DATA FOR PROCESSING:

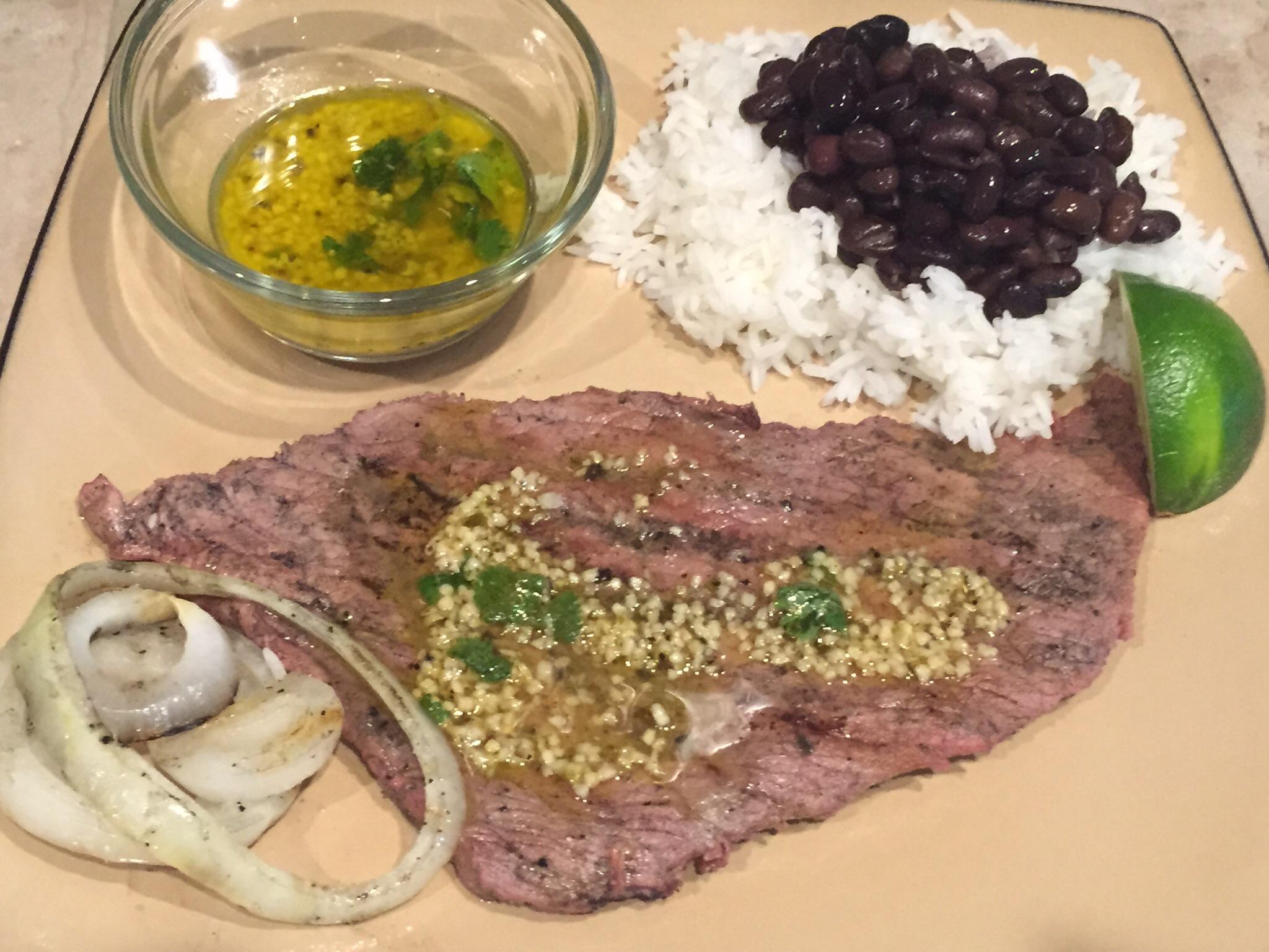 Cuban Night: Bistec de Palomillas, Mojo, Arroz, Frijoles
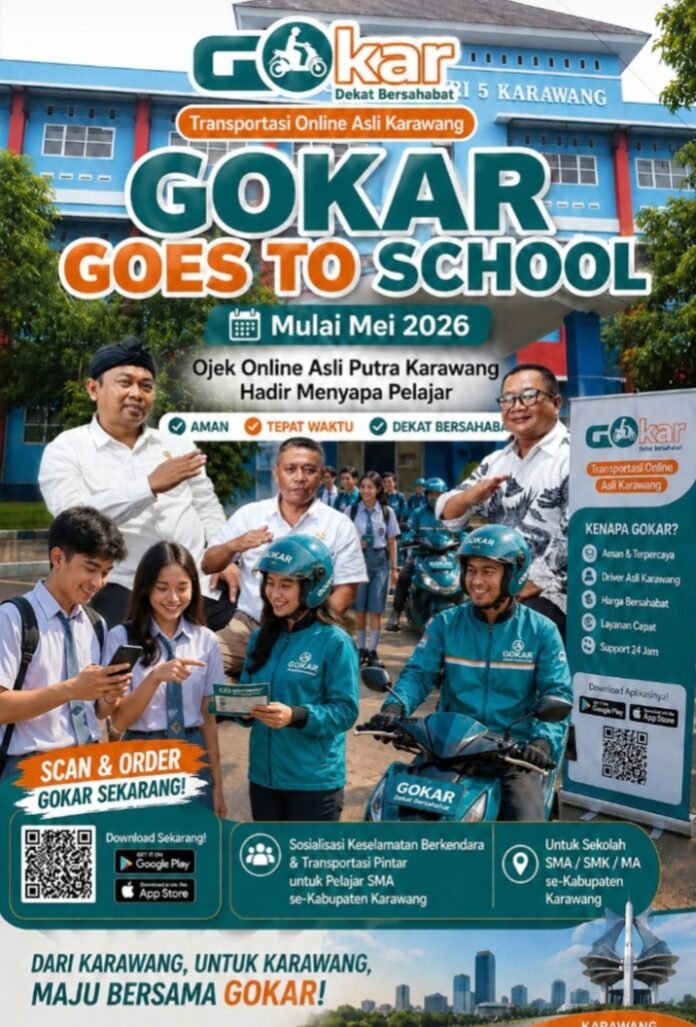 Global Rise TV (KARAWANG)– Berawal dari gagasan putra daerah untuk menghadirkan layanan transportasi digital yang dekat dengan kebutuhan masyarakat, GOKAR tumbuh sebagai platform transportasi online asli Karawang yang membawa semangat pelayanan aman, cepat, dan bersahabat. Kini, dalam upaya memperluas manfaat sosial sekaligus membangun sinergi dengan dunia pendidikan, Founder GOKAR Syuhada Wisastra, melakukan silaturahmi bersama jajaran Musyawarah Kerja Kepala Sekolah (MKKS) SMAN se-Kabupaten Karawang, Rabu (29/4/2026).
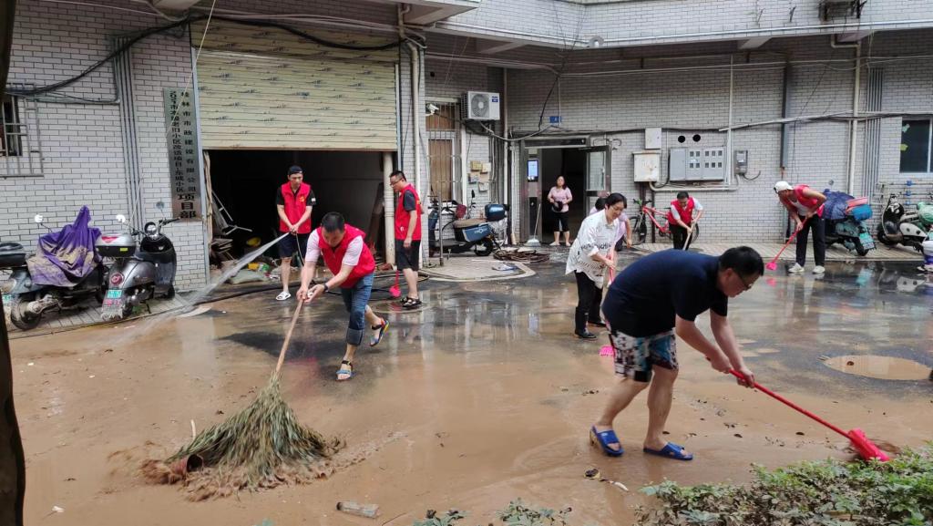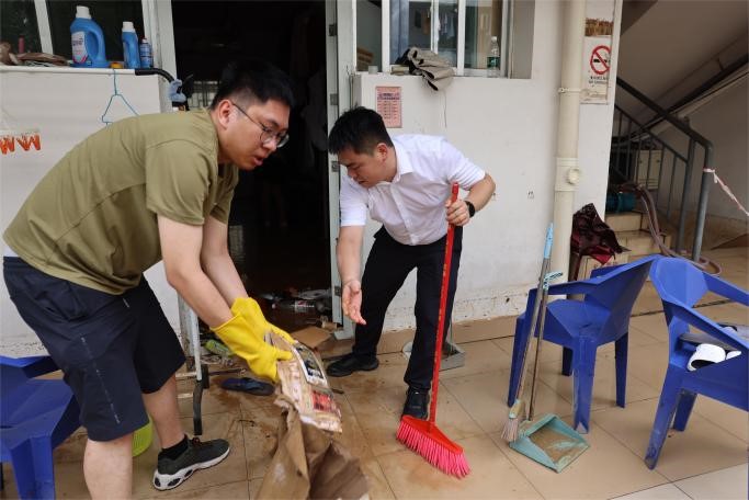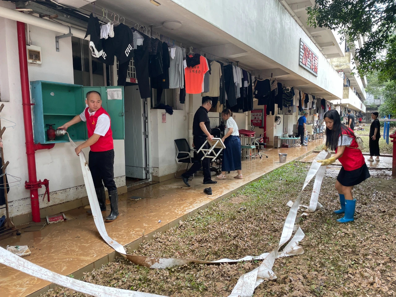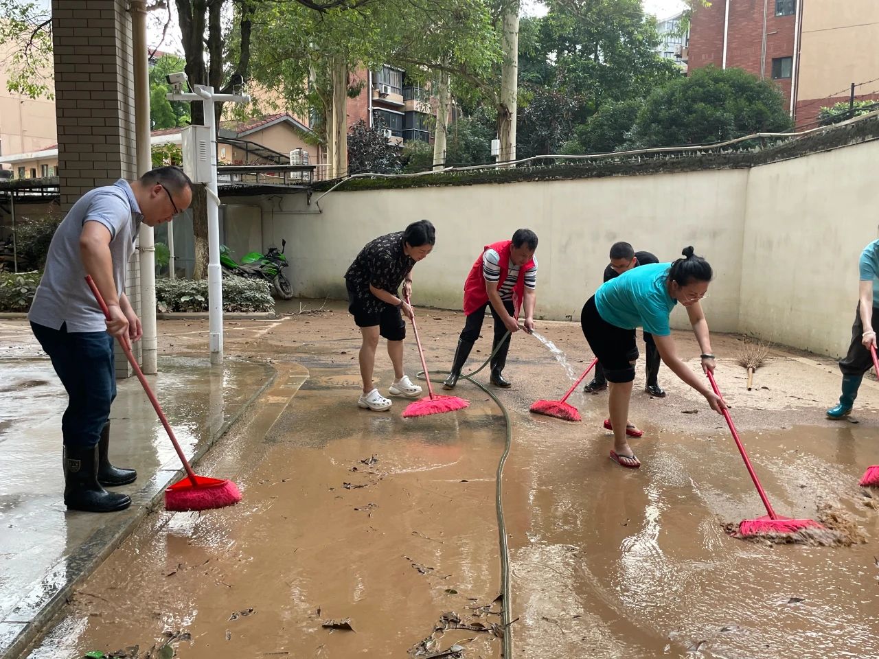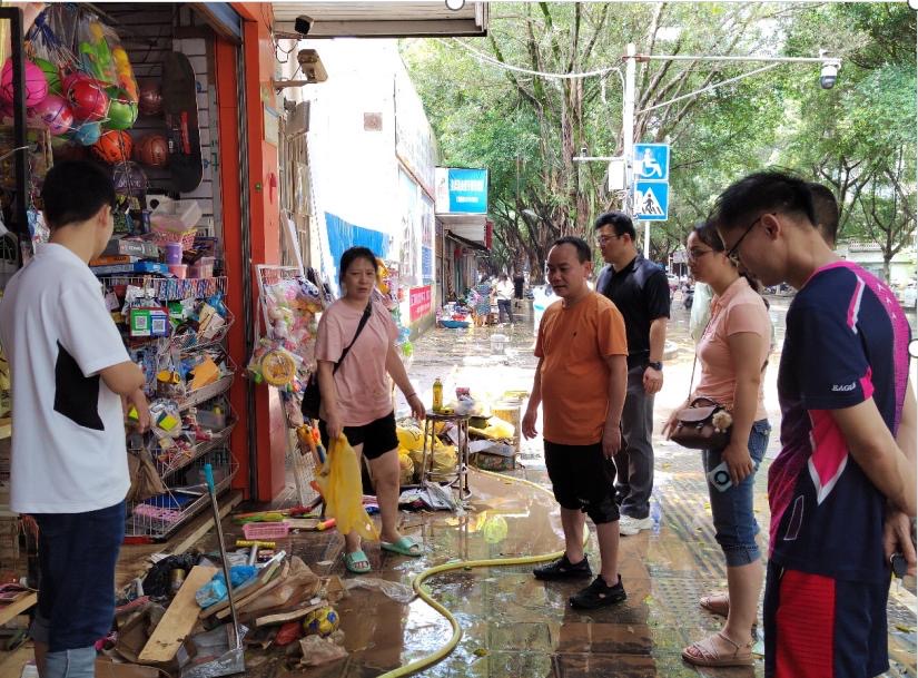 在建干路,学校部分门面租户也是洪水受灾区。资产部门党员干部第一时间来到现场,了解租户受灾情况,协助开展清淤和垃圾清理等。
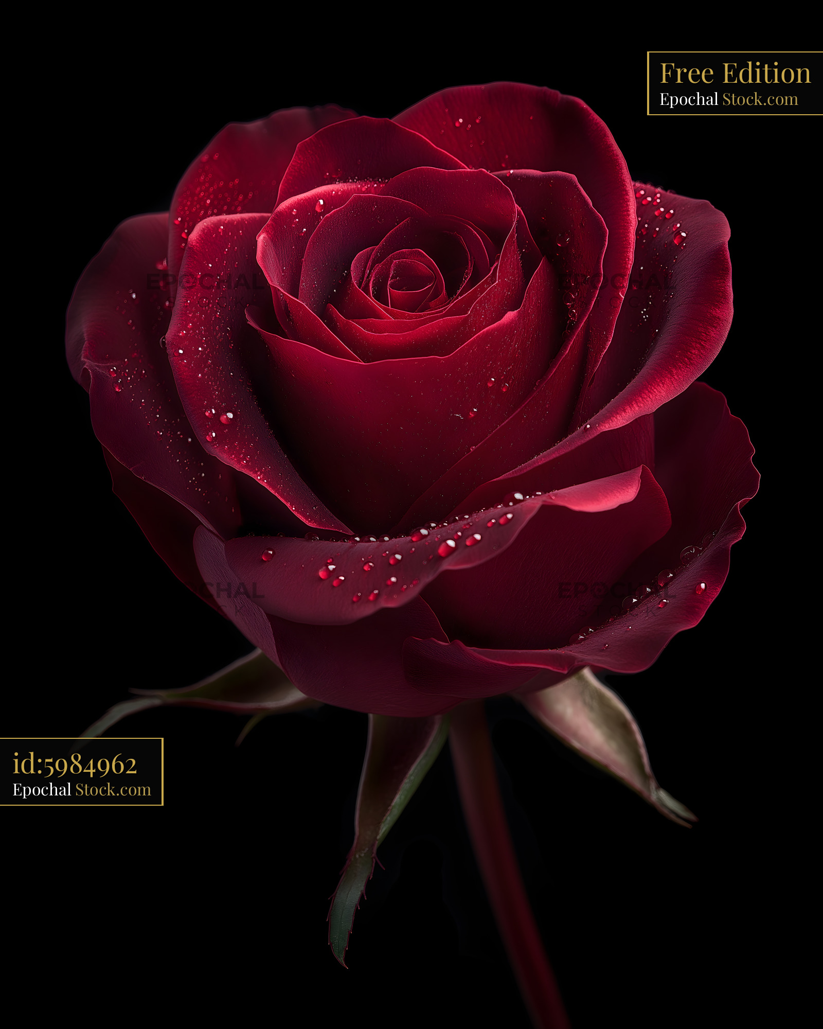 A single red rose is shown with water droplets on its petals. The rose stands tall against a black background. The petals appear fresh and vibrant, highlighting its natural beauty.
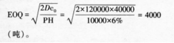 问题 某塑料制品企业一种原材料的年需求量为120000吨,单价为1万元/吨,单次订货费用为4万元,每吨年保管费率为6%,则该种原材料的经济订货批量为( )吨。

EXERCISE DETAILS: Exclude images and repeat all entries exactly.

RESULT:
 Cuban Night: Bistec de Palomillas, Mojo, Arroz, Frijoles
 Global Rise TV (KARAWANG)– Berawal dari gagasan putra daerah untuk menghadirkan layanan transportasi digital yang dekat dengan kebutuhan masyarakat, GOKAR tumbuh sebagai platform transportasi online asli Karawang yang membawa semangat pelayanan aman, cepat, dan bersahabat. Kini, dalam upaya memperluas manfaat sosial sekaligus membangun sinergi dengan dunia pendidikan, Founder GOKAR Syuhada Wisastra, melakukan silaturahmi bersama jajaran Musyawarah Kerja Kepala Sekolah (MKKS) SMAN se-Kabupaten Karawang, Rabu (29/4/2026).
 在建干路,学校部分门面租户也是洪水受灾区。资产部门党员干部第一时间来到现场,了解租户受灾情况,协助开展清淤和垃圾清理等。
 A single red rose is shown with water droplets on its petals. The rose stands tall against a black background. The petals appear fresh and vibrant, highlighting its natural beauty.
 问题 某塑料制品企业一种原材料的年需求量为120000吨,单价为1万元/吨,单次订货费用为4万元,每吨年保管费率为6%,则该种原材料的经济订货批量为( )吨。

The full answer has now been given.